Permanent bridges of Novi Sad, as parts of land routes that bridge the Danube, have a much wider function than connecting Novi Sad with the settlements on the Srem side of the Danube. They are of extraordinary importance in connecting Bačka, using the shortest routes, via Srem, with Belgrade, Central Serbia, Kosovo, and Macedonia, as well as the shortest connection with the Adriatic Sea and the port of Bar. In addition, they have international significance, because they connect the road and rail traffic of Central Europe with Southeastern Europe and Asia Minor by the shortest route. ...
The bridging of the Danube by permanent bridges between Novi Sad and Petrovaradin lasted (with occasional interruptions) for 125 years, from 1883 to 2009. In that period, ten permanent bridges were built: Emperor Franz Joseph’s Bridge – later Prince Andrej's Bridge (1883), Potiorek’s Bridge (1915), Prince Tomislavʼs Bridge (1928), War Bridge (1942), Marshal Titoʼs Bridge – later Varadin Bridge (1946), Brotherhood and Unity Bridge – Žeželjʼs Bridge (1961), Liberty Bridge (1981), and the three more bridges latter – Temporary assembly-dismantling road-railway bridge (2000), Varadin Bridge (2000), and (reconstructed) Liberty Bridge (2005). ...

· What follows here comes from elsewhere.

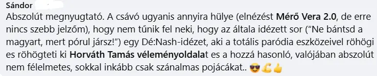 Hogy, hogy nem szembejött a bejegyzés Mérő Verával, a balliberális rettegők egyik vezéregyéniségével. Nem is tudta megállni szó nélkül, pusztán annyival kommentálta: „Megnyugtató, nemde?”
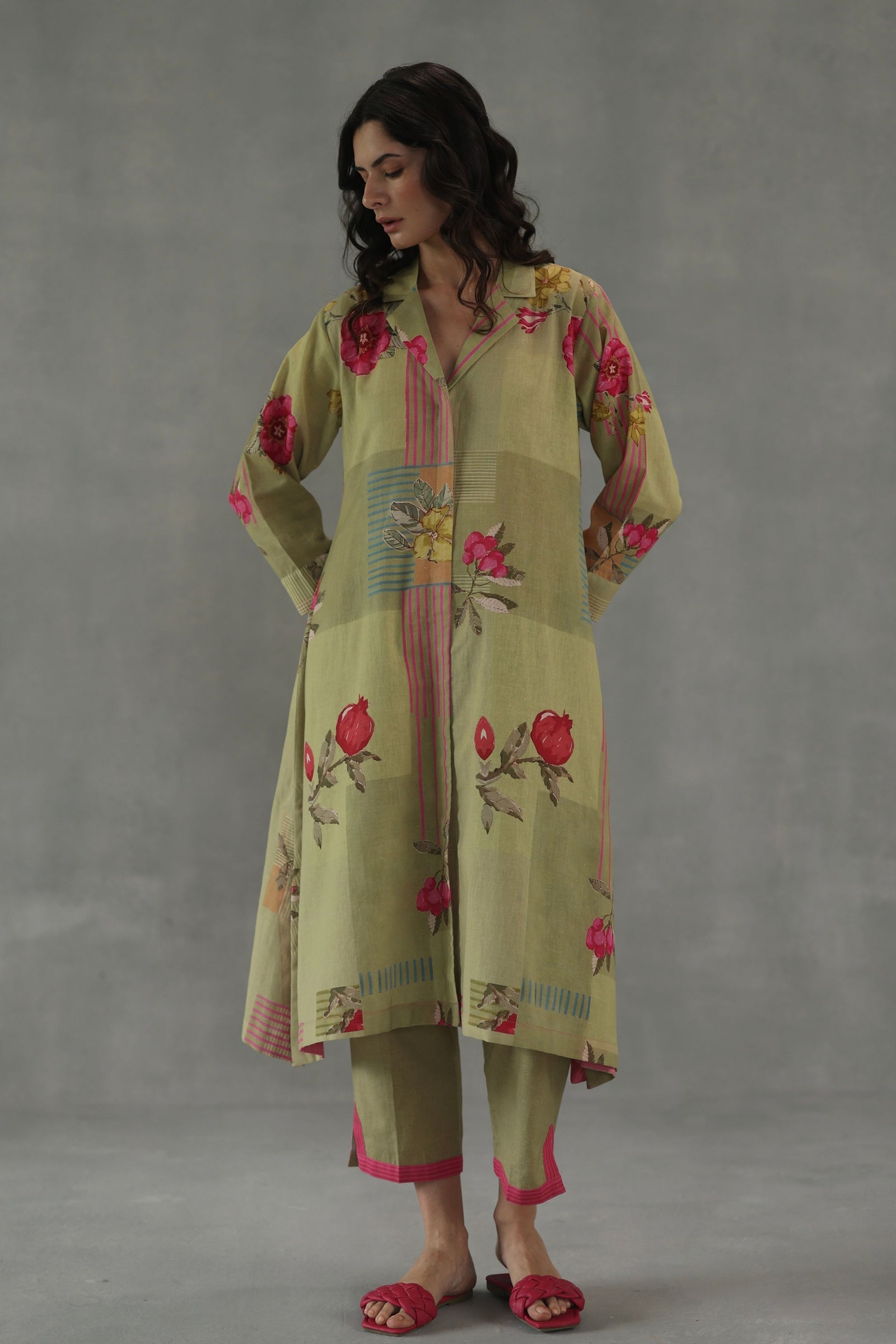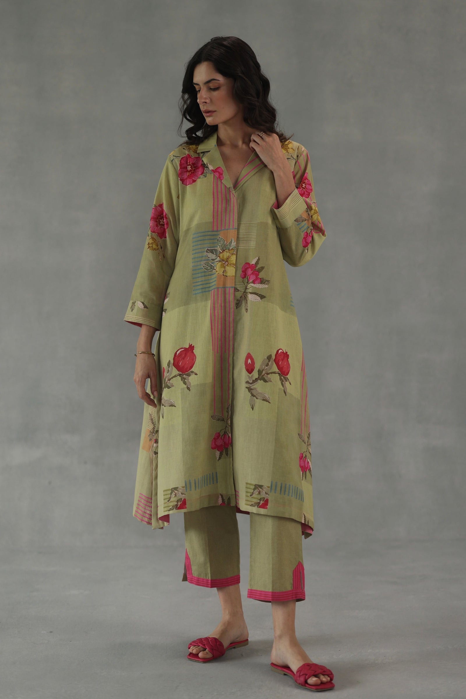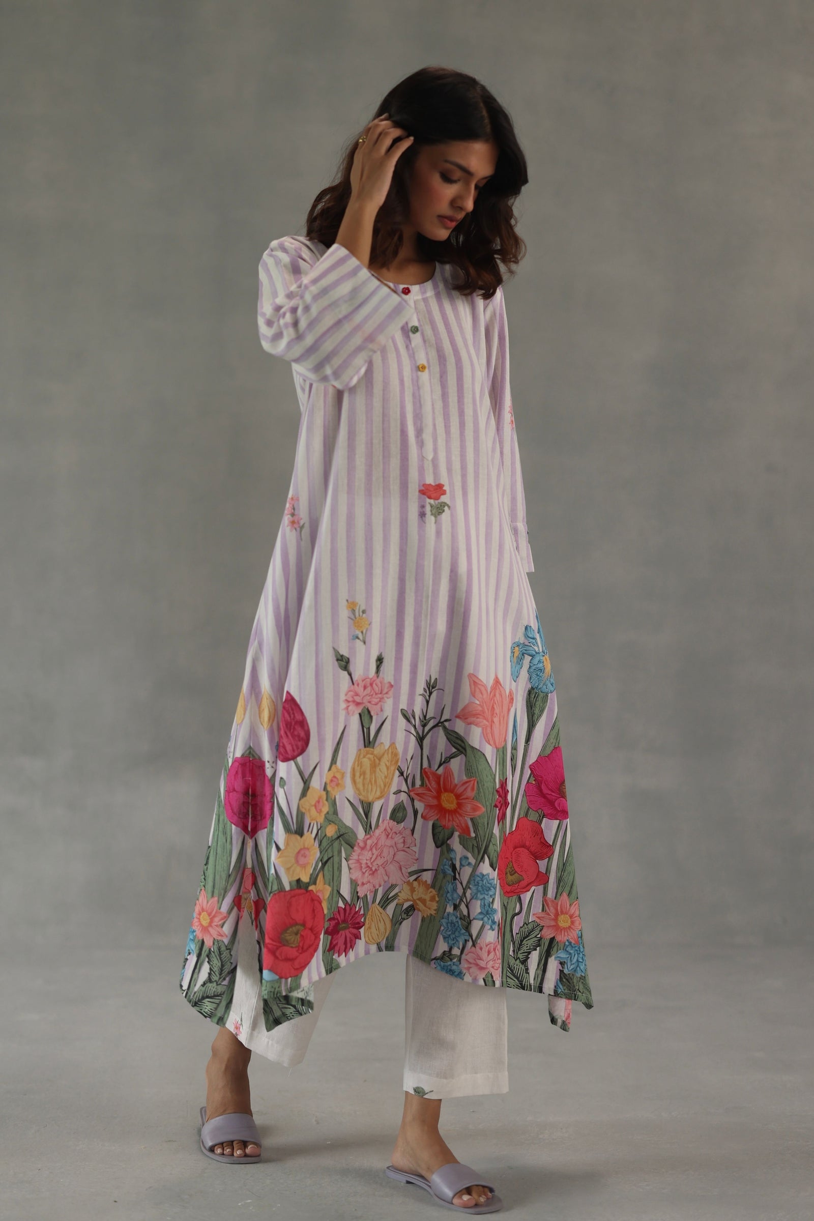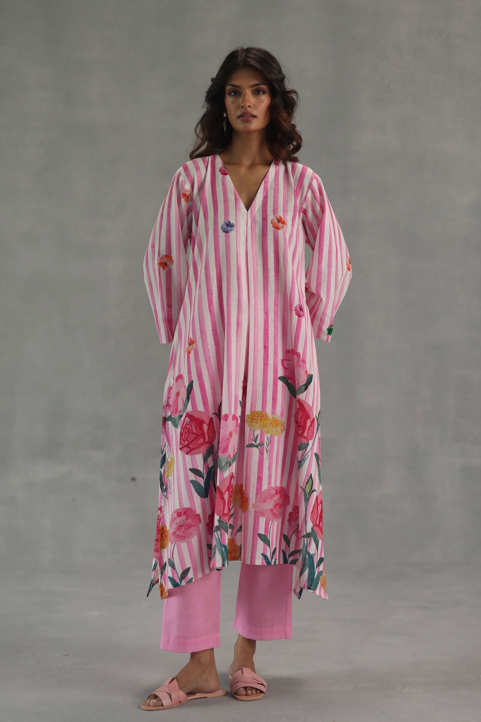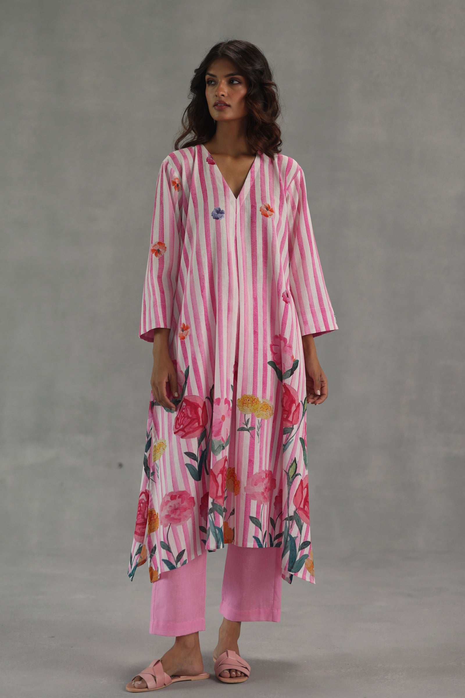 • The Water Lily kurta is a breezy kurta in linen with watercolor bunch of flowers across the sweep. The kurta is an a-line silhouette and opens up in pleats along with the roza signature buttons to add a colourful pop. Pair with the water lily pants for that favourite outfit in your closet.

Over the course of 75 years, from 1924 to 1999, Novi Sad bridges were demolished seven times. They were demolished four times by others: the war railway bridge by the Germans in the Second World War in 1944; Varadin Bridge, Liberty Bridge, and Žeželjʼs Bridge by the NATO, in the dark period of war with ominous missiles in 1999. When, as they say, the rules of war dictated that bridges must be mined, we demolished them twice ourselves – the bridges of Prince Tomislav and Prince Andrej in April 1941, while Potiorek’s semi-permanent bridge was demolished by icebergs in 1924.